The recipe for "Poor Man's Pudding", or in modern day known as "Bread Pudding" was first conceived in Europe at the turn of the 11th century, as a palitable dish for using up dry or stale bread and ingredients left over from a previous meal, as refrigeration and proper storage was next to nil, and even the thought of wasting one morsel of food was unacceptable.
Overtime Bread Pudding has become a signature dish in western Europe, it's place of origin, and in fine dining restaurants throughout the world. The wonderful aspect of this dish lies in it's simplicity and variability. Bread Pudding may take on a more savory note with the addition of dried fruit and nuts for the prefect accompianment to any brunch menu, or served as a dessert, decked with chocolate, caramel and rich cream.
I developed this particular recipe frankly out of desperation at the last minute. I promised a friend that I would bring dessert to a small gathering she was hosting that night. However, when I opened the fridge I found that I was low on milk and eggs, and completely out of flour. The only ingredient I fathomed I could use was an old stale loaf of buttermilk bread tucked in the back of the freezer. Bread Pudding came to mind, and I had to run with it. I had chocolate chips in the pantry and crunchy Kashi cereal to use in substitution for chopped nuts. Left to my imagination, this concoction was either going to be a complete disaster or a huge hit. Thank goodness for the latter.
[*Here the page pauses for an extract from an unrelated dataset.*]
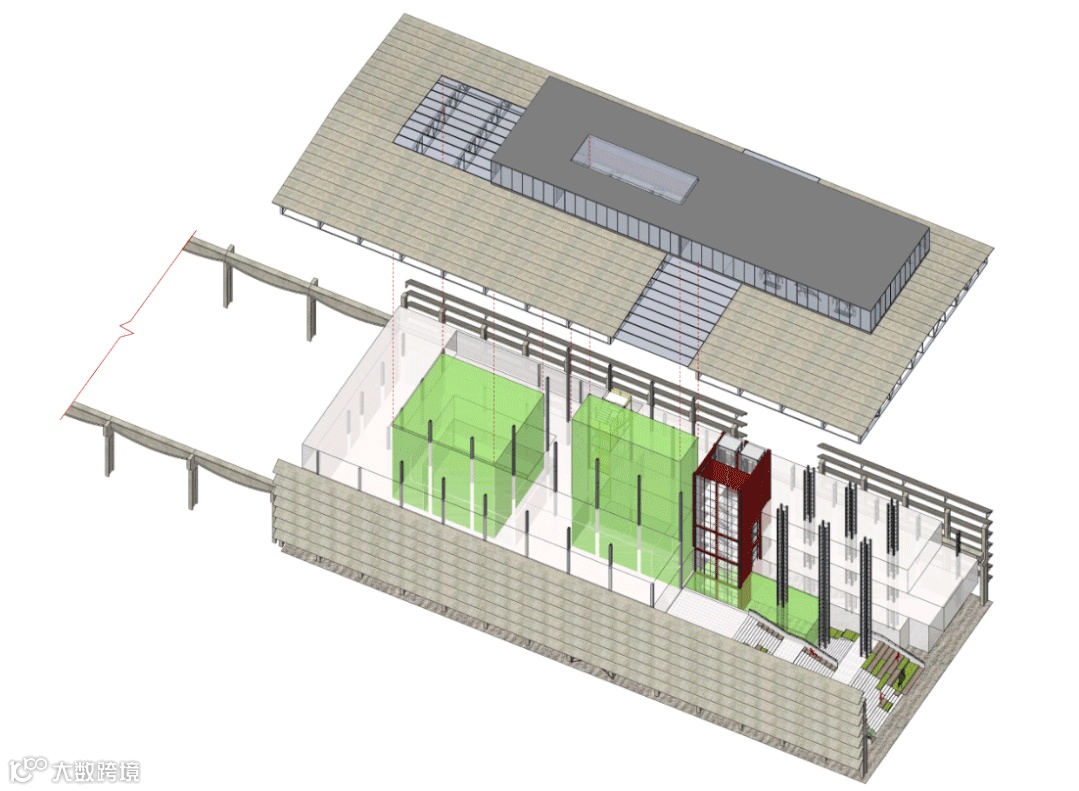 设计通过大、中、小空间尺度上的过渡和转换,使内外形成对比与呼应,同时消弱各个分区间的冲突,实现建筑与景观的相互渗透及室内外空间的融合。

Topped with homemade Warm Caramel Sauce and a drizzle of cold cream, my sister deemed this the best dessert recipe that I had ever made.

Ingredients
For the Bread Pudding:
6 cups of stale white bread, cubed (If stale bread is not available, simply toast the bread in a 350 degree oven for approximately 15 minutes, careful not to let it singe.)
1/4 cups semisweet chocolate chips (I prefer to combine both white and dark chocolate chips)
1 cup Kashi Crunch cereal, or 1 cup chopped nuts of preference
4 eggs
3 cups milk
1 cup sugar
2 Tablespoons vanilla
 
For the Caramel Sauce:
1 cup brown sugar
2 Tablespoons corn starch
1/2 cup water
2/3 cup half-and half (I only had Almond flavored coffee creamer, which was absolutely fantastic!)
1/4 cup light-colored corn syrup
2 Tablespoons butter, room temperature
1 teaspoon vanilla
 
Preparation
Preheat the oven to 350 degrees.
To a heavily greased 9"x13" glass baking pan add the cubes of stale bread. Mix in the chocolate chips and cereal and set aside.
In a mixing bowl combine the eggs, milk, sugar and vanilla, whisking until all the ingredients are completely incorporated.
Pour the egg mixture over the bread cubes, making sure that the bread is immersed as much as possible in the liquid.
Bake for 50-55 minutes. Set aside for 5 minutes to slightly cool.
 
In a small sauepan whisk together the brown sugar and cornstarch until incorporated. Add in the half-and-half, corn starch and butter. Bring to a boil, stirring frquently over medium heat, and cook 2 minutes further. Add in the vanilla.
 
Serve the Bread Pudding and drizzle generously with the Caramel Sauce. Garnish with cool fresh cream just prior to presentation.